» **THE DATA**:
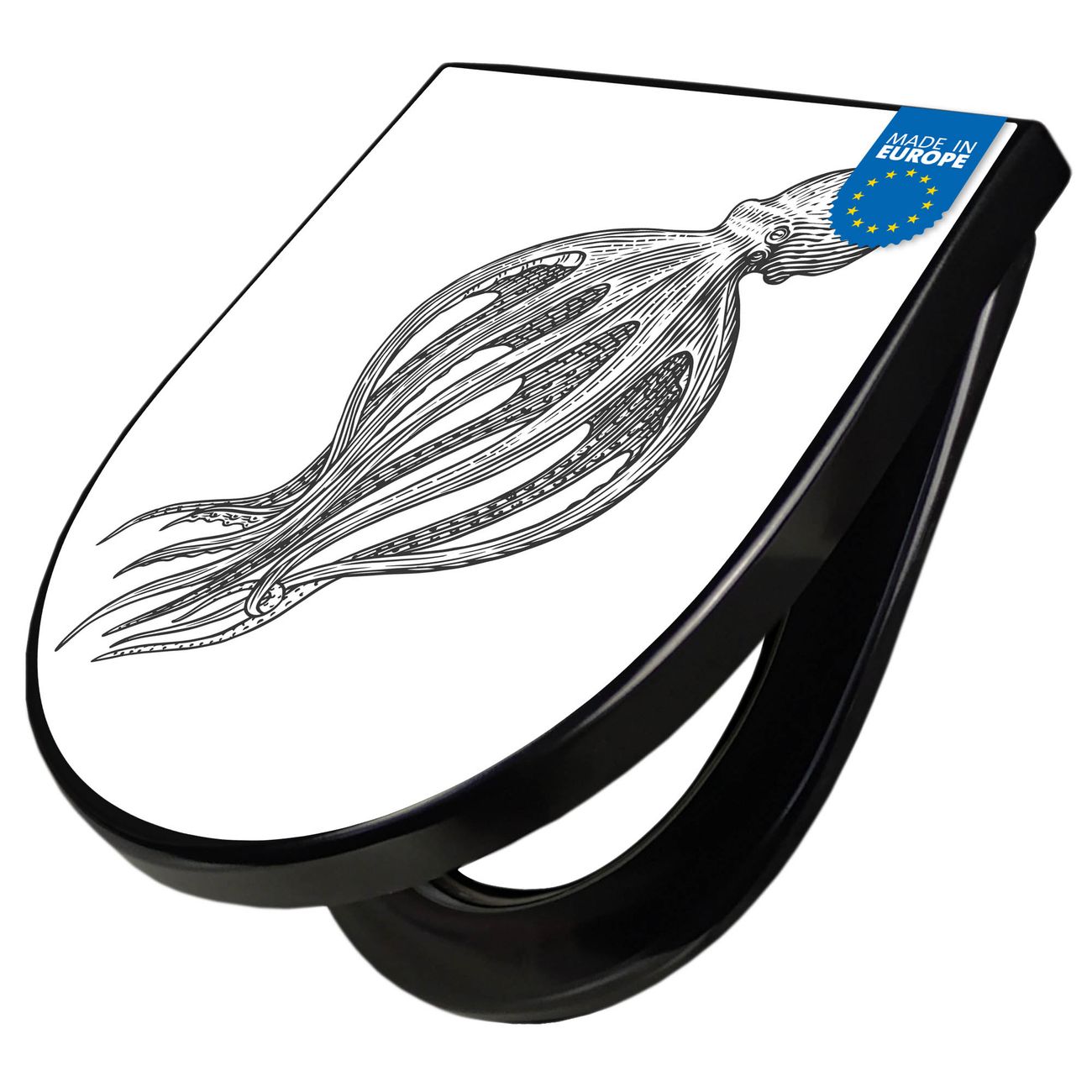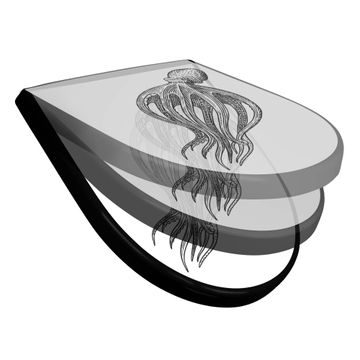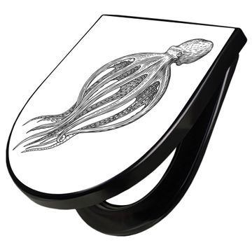 WC Sitz D-Form Schwarz mit Absenkautomatik Motiv Oktopus 8
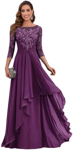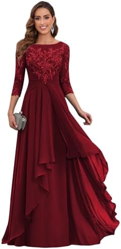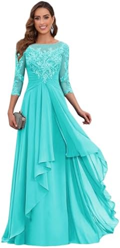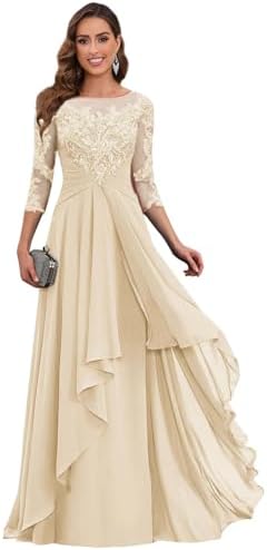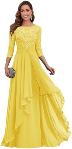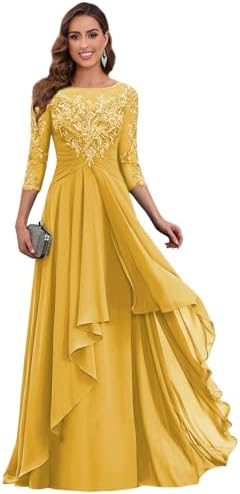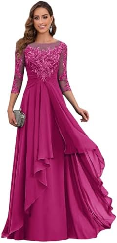 Fu Jiang Short Sleeve Lace Applique Mother of The Bride Dresses for Wedding – Elegant Long Chiffon Formal Evening Gowns
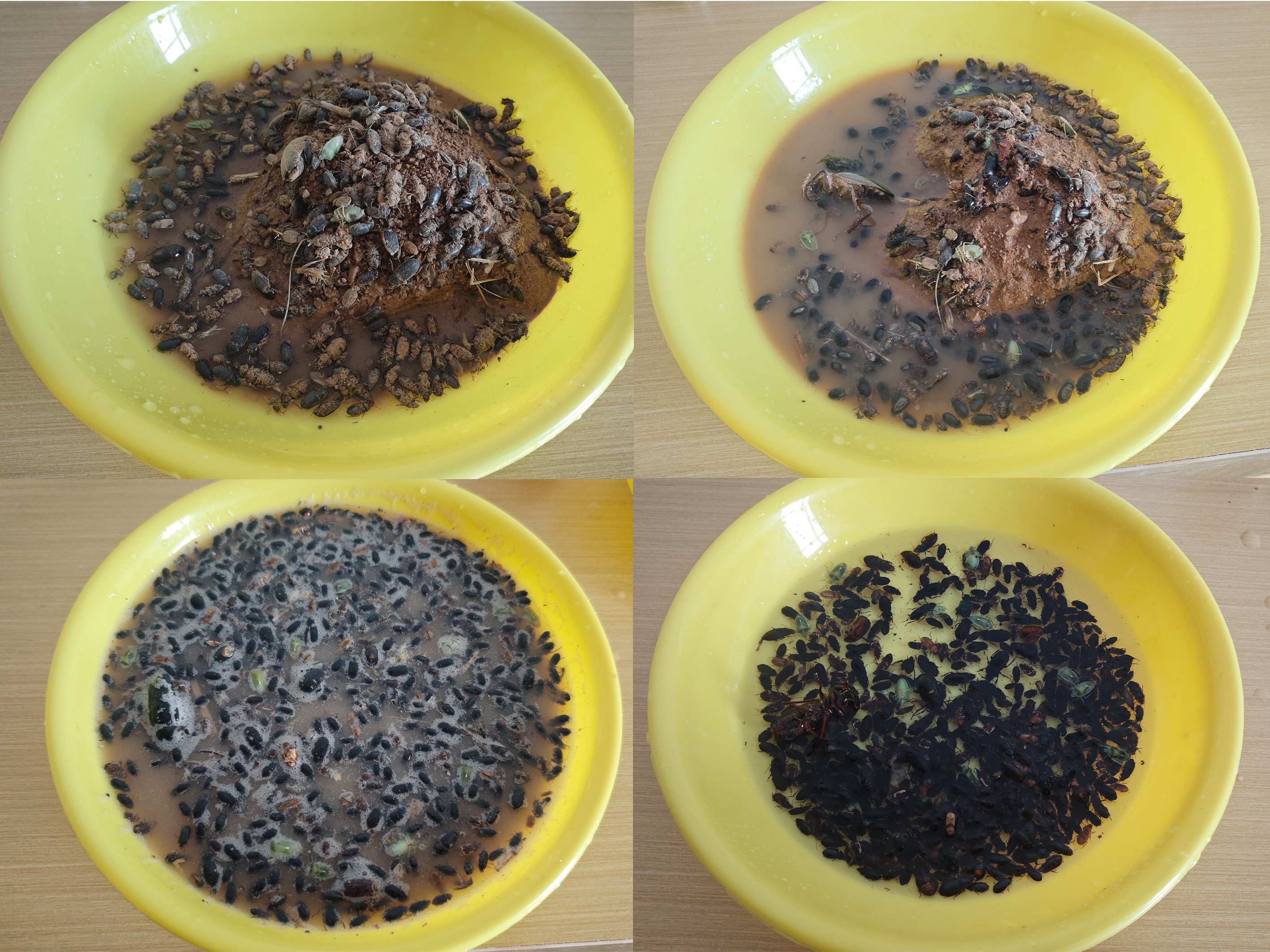 当灯诱而来的步甲数量较多时,队员张能亮出了他的特制工具——改装版小型吸尘器,快速吸食地上的步甲,然后倒入大毒瓶内熏杀,此法高效、便捷、省力,唯有一憾:不论操作多小心,难免会吸进一些尘土和小石粒。吸尘器采集的标本经过熏杀过夜后,倒入盘中,加入自来水,将漂浮的昆虫捞到另一个空盘里,再加水漂洗2-3次,最后用酒精冲洗一遍,虫体就能基本清理干净,随后便可装瓶保存(图8)。
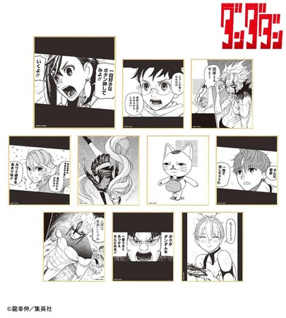 綾瀬 桃、オカルン、オカルン(変身)、白鳥 愛羅、白鳥 愛羅(変身)、ターボババア、円城寺 仁、円城寺 仁(変身)、坂田 金太、バモラのコマイラストをミニ色紙に仕上げました。
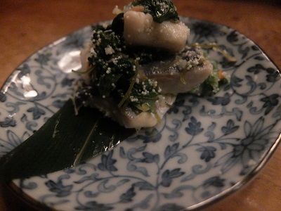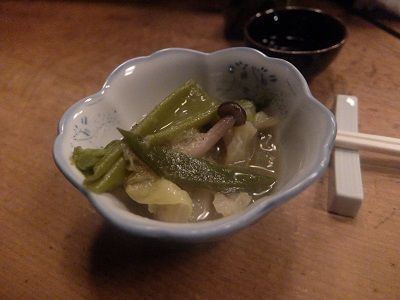 お通しの3点セットをいただきながら、ぼんやりとカウンターにて。
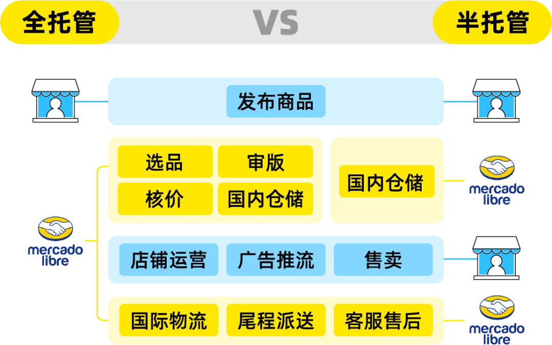 这里有个细节值得注意。Temu、Shein等平台的半托管通常要求卖家有海外本土的履约能力,也就是你得自己在海外有仓库或者负责发货。而美客多的半托管,则是将货品备货至其中国官方仓,由平台完成从中国到拉美消费者手中的全流程。这对于众多尚未在海外建立本土履约能力的中国卖家而言,是一个低门槛、高效率的切入点。全托管在这个基础上更进一步,连前端运营都不用管了。

» **YOUR ASSIGNMENT**: What you return must match the lines from the top of the data through the line with "当灯诱而来的步甲数量较多时,队员张能亮出" exactly, with the pictures removed.

» **SOLUTION TO THE EXERCISE**:
 WC Sitz D-Form Schwarz mit Absenkautomatik Motiv Oktopus 8
 Fu Jiang Short Sleeve Lace Applique Mother of The Bride Dresses for Wedding – Elegant Long Chiffon Formal Evening Gowns
 当灯诱而来的步甲数量较多时,队员张能亮出了他的特制工具——改装版小型吸尘器,快速吸食地上的步甲,然后倒入大毒瓶内熏杀,此法高效、便捷、省力,唯有一憾:不论操作多小心,难免会吸进一些尘土和小石粒。吸尘器采集的标本经过熏杀过夜后,倒入盘中,加入自来水,将漂浮的昆虫捞到另一个空盘里,再加水漂洗2-3次,最后用酒精冲洗一遍,虫体就能基本清理干净,随后便可装瓶保存(图8)。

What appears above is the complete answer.